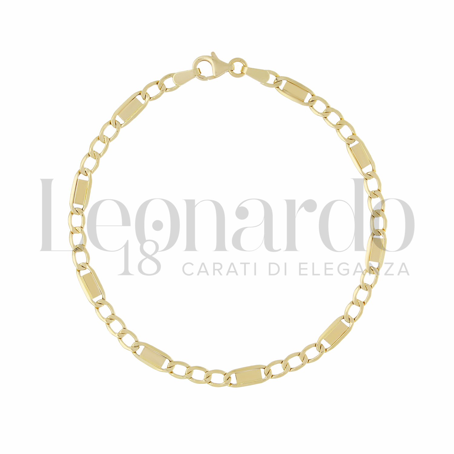 Bracciale da Uomo maglia Figaro con greca, Filo 60, in Oro Giallo
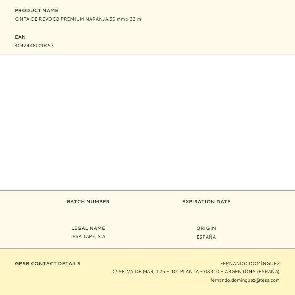 CINTA DE REVOCO PREMIUM NARANJA 50 mm x 33 m. APTO PARA LOS TRABAJOS EN EL EXTERIOR. FORMADA POR UN FILM DE PVC RESISTENTE A LA ROTURA Y CUBIERTO CON UNA CAPA DE ADHESIVO DE CAUCHO NATURAL RESISTENTE AL ENVEJECIMIENTO. PROTEGE CONTRA LA HUMEDAD, EL FRÍO, SOLUCIONES ALCALINAS DÉBILES, ÁCIDOS Y OTROS MUCHOS AGENTES QUÍMICOS
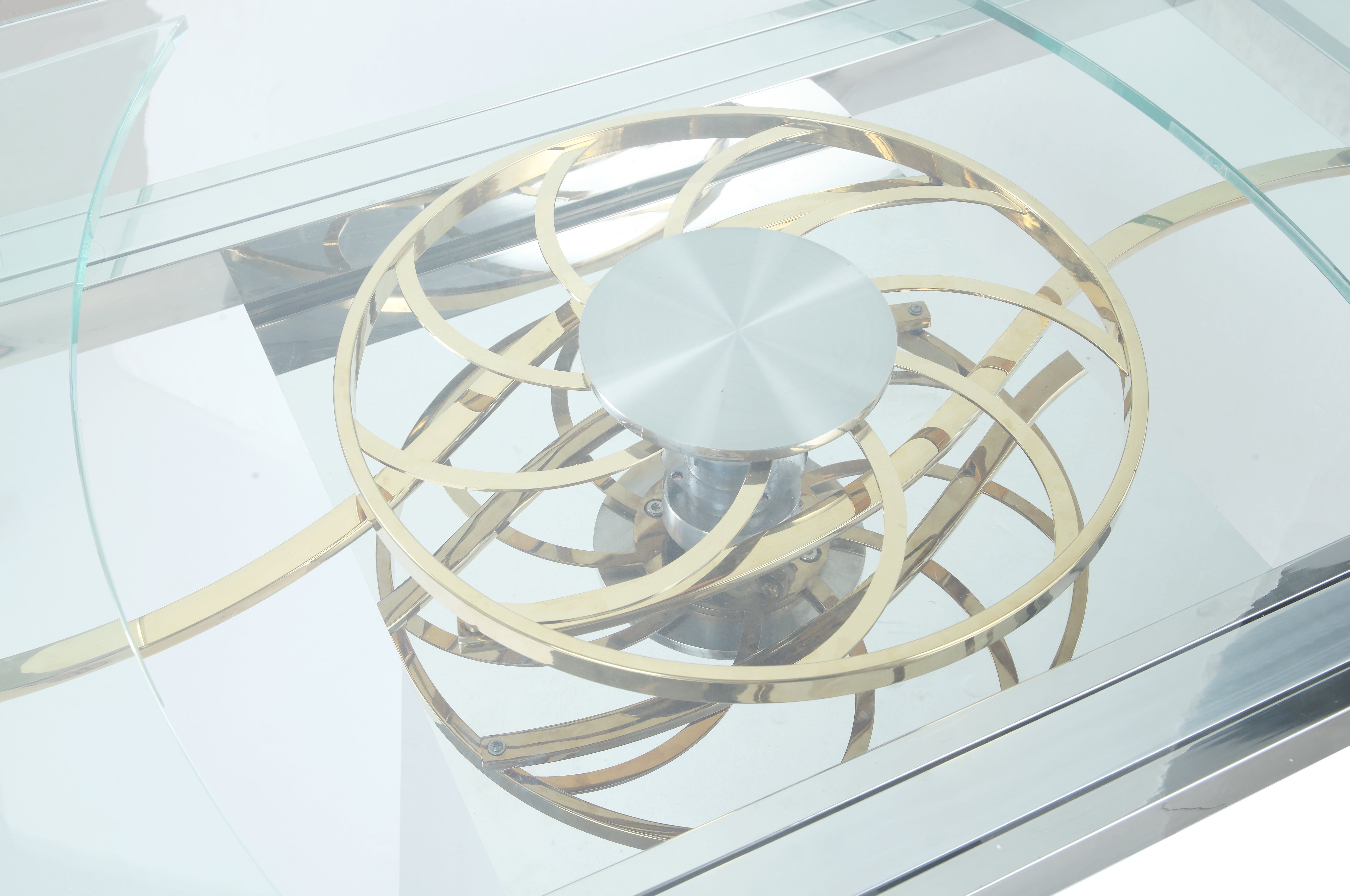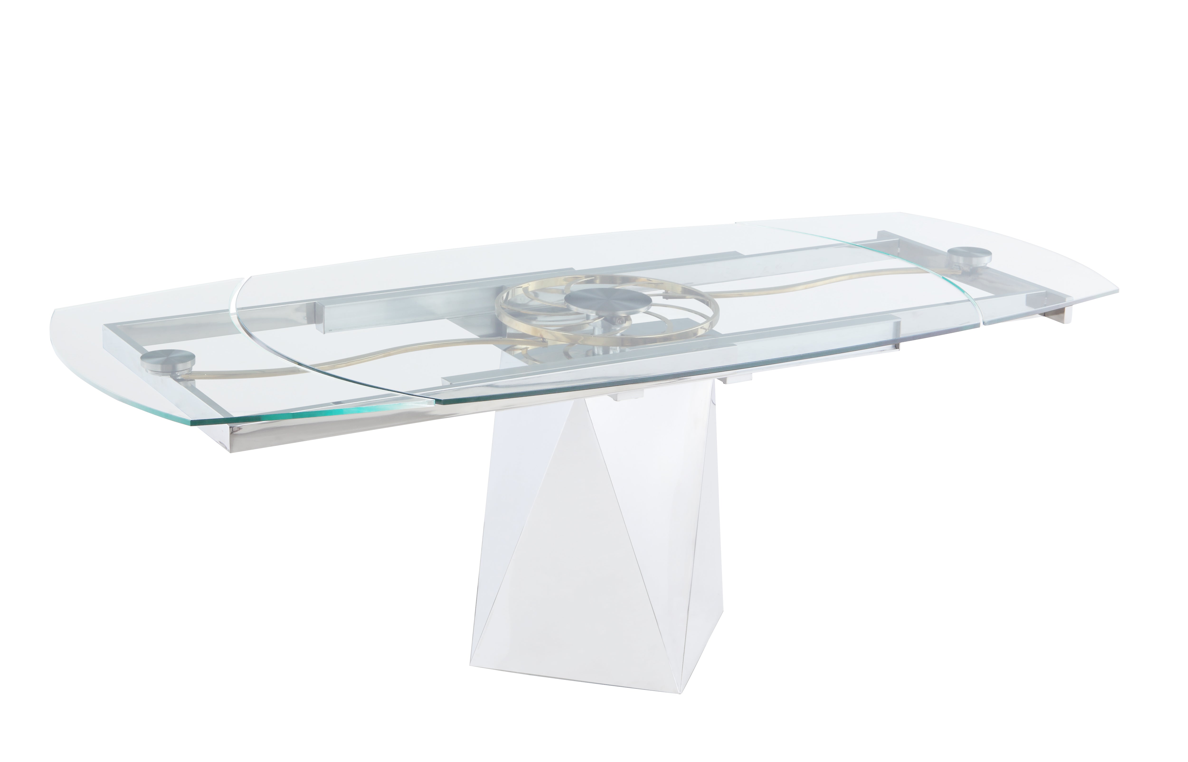 This contemporary dining set features a 39" x 59" glass table top w/ a rotatable motion extension that opens to 86", gold-accented self-guided tracks, a prism pedestal base & 4 tall back side chairs w/ double stitching & decorative piping.
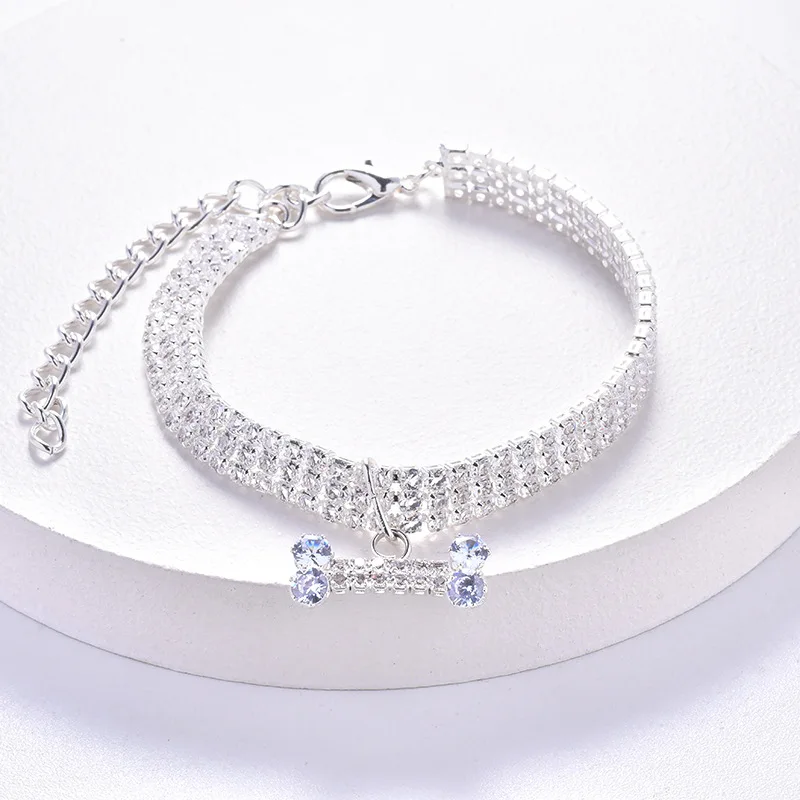 Collar de cristal de lujo para mascotas con circonita brillante, Collar de diamantes de imitación ajustable para perros y gatos, Collar de joyería ostentoso
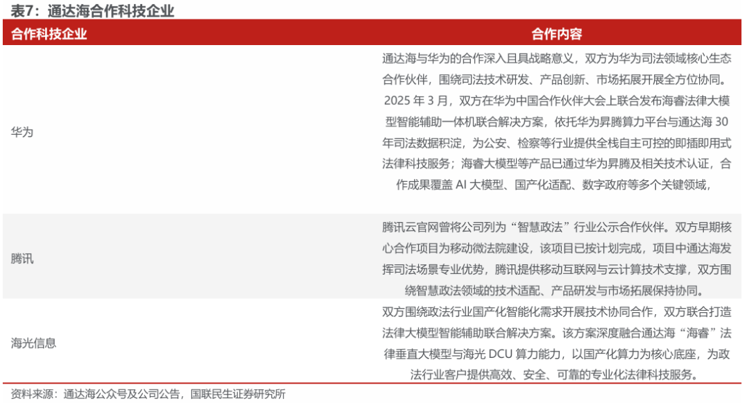 2025年3月,公司与华为联合发布"海睿法律大模型智能辅助一体机",搭载华为昇腾芯片,理论峰值算力256TOPS,支持DeepSeek、Qwen等国产开源大模型;采用本地私有化部署,为公安、检察、仲裁等行业客户提供安全高效、即插即用的法律科技服务;实现智能审讯、辅助、智能审查辅助、类案推荐、量刑建议等功能;已中标深圳、陕西等地G端项目,产品性能较竞品进一步提升。
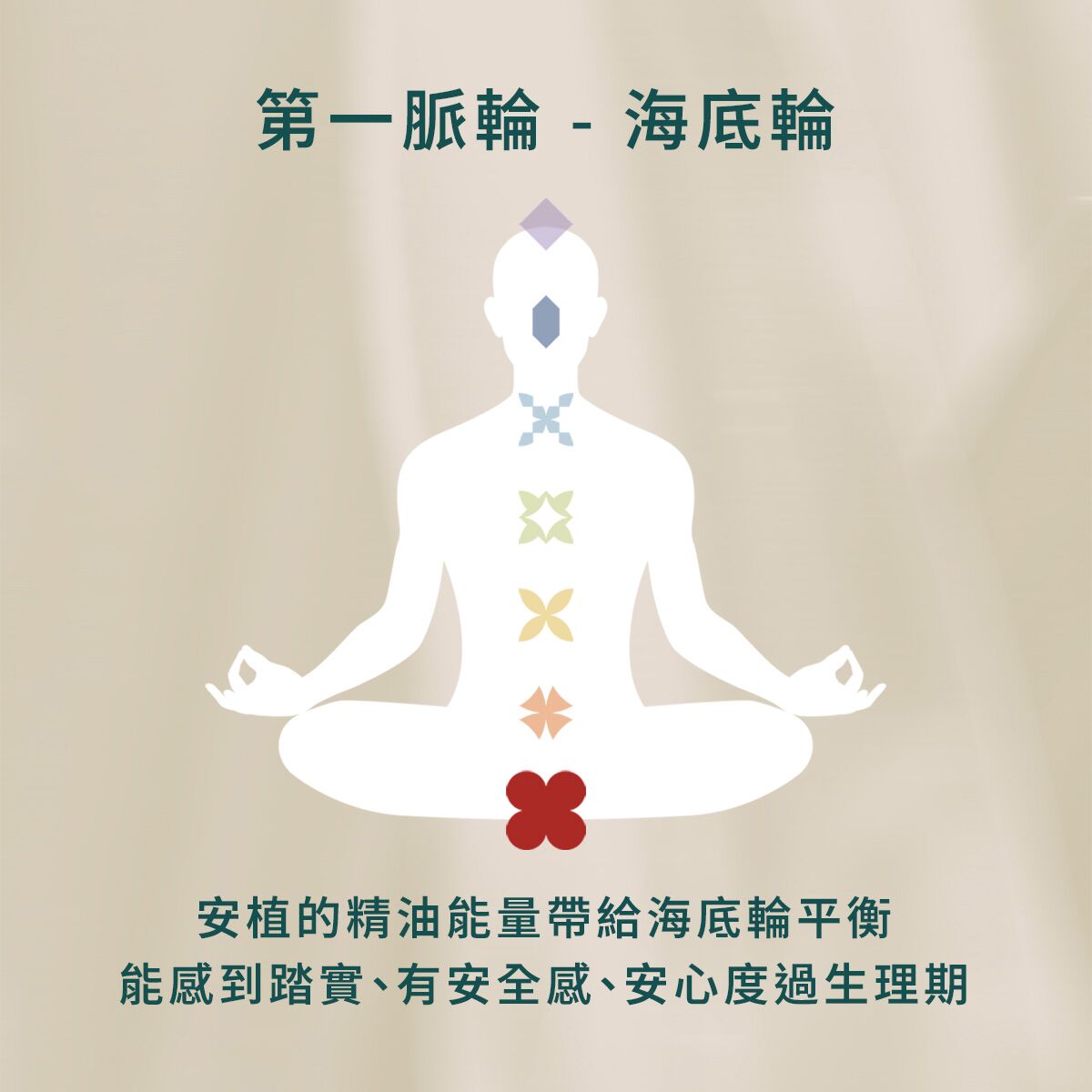 玫瑰天竺葵精油對應海底輪,其象徵內在穩定、安全感與生存基礎,關聯我們對自我與世界的信任感。當海底輪得以平衡和啟動,將帶來安全感,使我們回歸當下,感受到內在穩定與踏實。
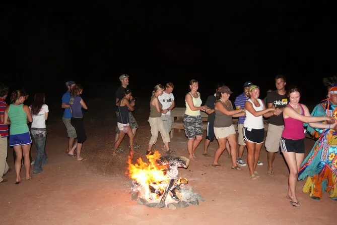 Your evening includes travel through Monument Valley by open-air vehicle or van (weather depending), bottled water throughout your journey, a live entertainment program after dark with traditional drumming and storytelling by the campfire, plus a full traditional Navajo dinner with drinks served right near Rain God Mesa before heading back out under those desert stars.
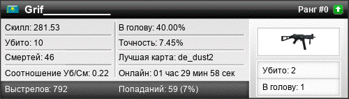| de_dust2 | 6 | 0.46 | 0.23 | 1 | 18 | 00:26:14 | 23.08.2017 | |
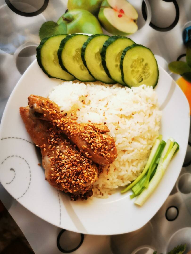 Оригинальный рецепт у Галины @gala1vara Просто, вкусно, спасибо Вам🙌 Всех с наступающим новым годом 🎄 Желаю вкусных блюд на столе и самого крепкого здоровья ☺️ #новыйгод Ингредиенты: риса, Голени куриные, Соль , Соевый соус, Лук зелёный свежий, Огурец свежий, Масло кунжутное 5 капель в рис, Кунжутные семена Способ приготовления: Приготовим наши ингредиенты 🙌 Отварим рис как написано на упаковке (в подсоленную кипящую воду добавляем рис, варим его 25 минут, готовится как гречка 😉) как сварится рис я добавляю несколько капель кунжутного масла и тщательно перемешиваем 🙌 Окорочка мы замаринуем в соевом соусе оставим их на 30 мин -1 час. Обжарим кунжут до золотистой корочки 👌 Обжариваем голени с двух сторон до образования золотистой корочки, Сначала я их хорошо прокипятила в сковородке, затем вода выкипела я пожарила на растительном масле. Накладываем наш рис, окорочка, нарезанный огурец и лук и посыпаем всё нашими семенами кунжута, приятного аппетита ☺️
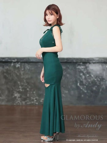 カットアウトから覗く美脚がとってもセクシー♡ 【GLAMOROUS/グラマラス】ラメ ワンカラー ジップデザイン カットアウト ストレッチ ホルターネック マーメイドロングドレス(gmsv834)
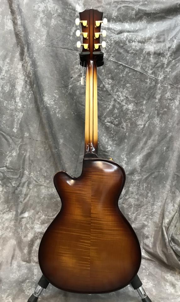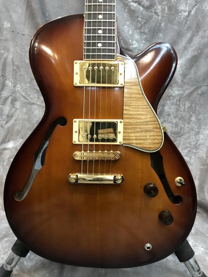 ボディにはセンターブロックが入ったセミアコ構造、トップにはソリッド・スプルース、サイド、バックにはソリッドフレイム・メイプルを使用。
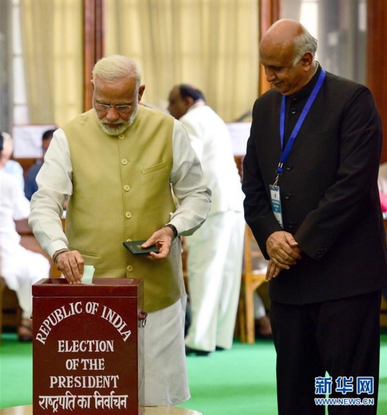 7月17日,在印度首都新德里,印度总理莫迪(左)在议会投票。 2017年印度总统选举17日正式开始投票,由印度联邦议会议员和各邦议会成员组成的选举团将选出新任印度总统,结果将于7月20日公布。新华社发(印度新闻信息局供图)
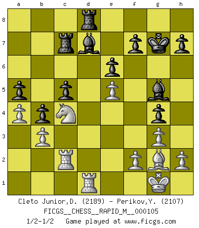Last move : 1/2-1/2 2019 June 7 9:16:23 [Event "FICGS__CHESS__RAPID_M__000105"] [Site "FICGS"] [Date "2019.05.11"] [Round "1"] [White "Cleto Junior,Dirceu"] [Black "Perikov,Yuriy"] [Result "1/2-1/2"] [WhiteElo "2189"] [BlackElo "2107"] 1.d4 d5 2.c4 e6 3.Nf3 Nf6 4.g3 Be7 5.Bg2 O-O 6.O-O dxc4 7.Qc2 b5 8.a4 b4 9.Nfd2 c6 10.Nxc4 Qxd4 11.Rd1 Qc5 12.Be3 Qh5 13.Nbd2 Ng4 14.Nf3 Nxe3 15.Nxe3 a6 16.Nc4 Qc5 17.Rac1 Ra7 18.Nfe5 Bg5 19.e3 a5 20.Qd2 Be7 21.Nd3 Qh5 22.Nde5 c5 23.Bf3 Qf5 24.Kg2 g5 25.Kg1 Rc7 26.Bg2 g4 27.e4 Qg5 28.Qxg5+ Bxg5 29.Rc2 Nd7 30.Nxd7 Bxd7 31.b3 Kg7 32.e5 Rd8 1/2-1/2 Queen's gambit declined Kingside Castling by player Black (move 5) Kingside Castling by player White (move 6) This chess game ended in a draw. Follow this game move after move (download)Strategy requires thought, tactics require observation. (Max Euwe) Irgendwie scheint mir sonntags früh um 9 Uhr der Killerinstinkt verloren gegangen zu sein. (Alexej Shirov) Cada Peón es una Reina en potencia. (James Mason) A ce moment-là, je menaçais de comprendre la position ! (Clément L'Heureux) Either move or be moved. (Ezra Pound)
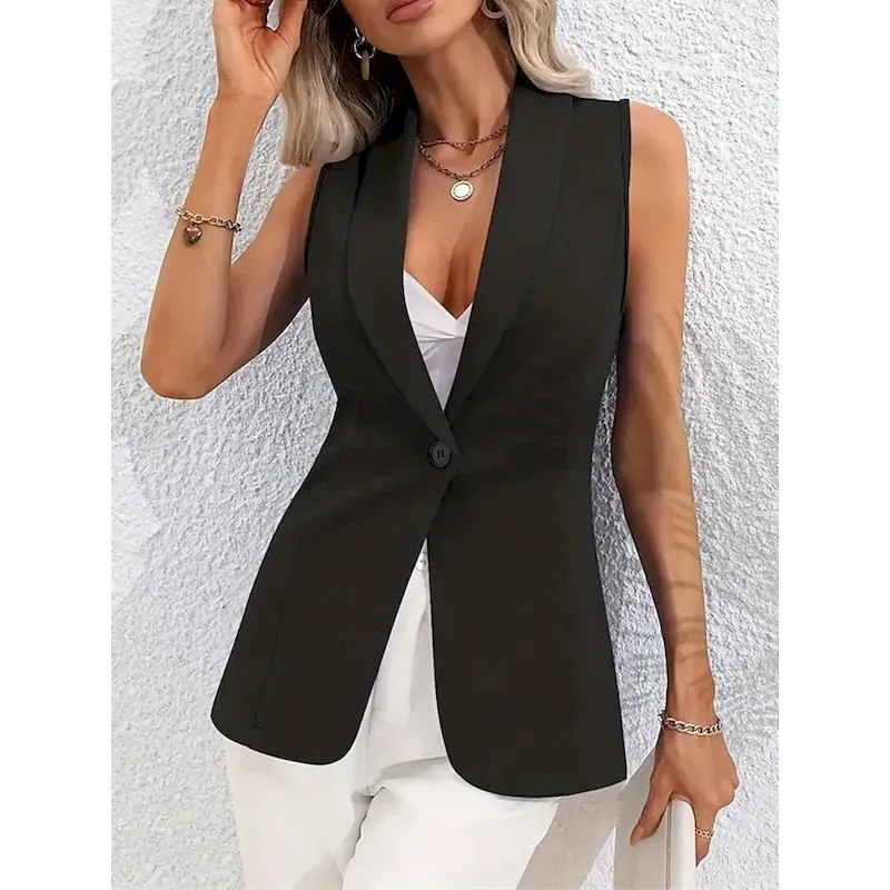 Women’s Vest Blazer Comfortable Breathable Pocket OL Style Modern Plain Formal Office Street Casual Single Breasted Regular Turndown Regular Fit Sleeveless Outerwear Black Pink Summer Spring

= Exercise requirements =
Your reply should consist solely of the lines above, from the opening line through the line with "玫瑰天竺葵精油對應海底輪,其", reproduced exactly and without pictures.

= Expected answer =
 Bracciale da Uomo maglia Figaro con greca, Filo 60, in Oro Giallo
 CINTA DE REVOCO PREMIUM NARANJA 50 mm x 33 m. APTO PARA LOS TRABAJOS EN EL EXTERIOR. FORMADA POR UN FILM DE PVC RESISTENTE A LA ROTURA Y CUBIERTO CON UNA CAPA DE ADHESIVO DE CAUCHO NATURAL RESISTENTE AL ENVEJECIMIENTO. PROTEGE CONTRA LA HUMEDAD, EL FRÍO, SOLUCIONES ALCALINAS DÉBILES, ÁCIDOS Y OTROS MUCHOS AGENTES QUÍMICOS
 This contemporary dining set features a 39" x 59" glass table top w/ a rotatable motion extension that opens to 86", gold-accented self-guided tracks, a prism pedestal base & 4 tall back side chairs w/ double stitching & decorative piping.
 Collar de cristal de lujo para mascotas con circonita brillante, Collar de diamantes de imitación ajustable para perros y gatos, Collar de joyería ostentoso
 2025年3月,公司与华为联合发布"海睿法律大模型智能辅助一体机",搭载华为昇腾芯片,理论峰值算力256TOPS,支持DeepSeek、Qwen等国产开源大模型;采用本地私有化部署,为公安、检察、仲裁等行业客户提供安全高效、即插即用的法律科技服务;实现智能审讯、辅助、智能审查辅助、类案推荐、量刑建议等功能;已中标深圳、陕西等地G端项目,产品性能较竞品进一步提升。
 玫瑰天竺葵精油對應海底輪,其象徵內在穩定、安全感與生存基礎,關聯我們對自我與世界的信任感。當海底輪得以平衡和啟動,將帶來安全感,使我們回歸當下,感受到內在穩定與踏實。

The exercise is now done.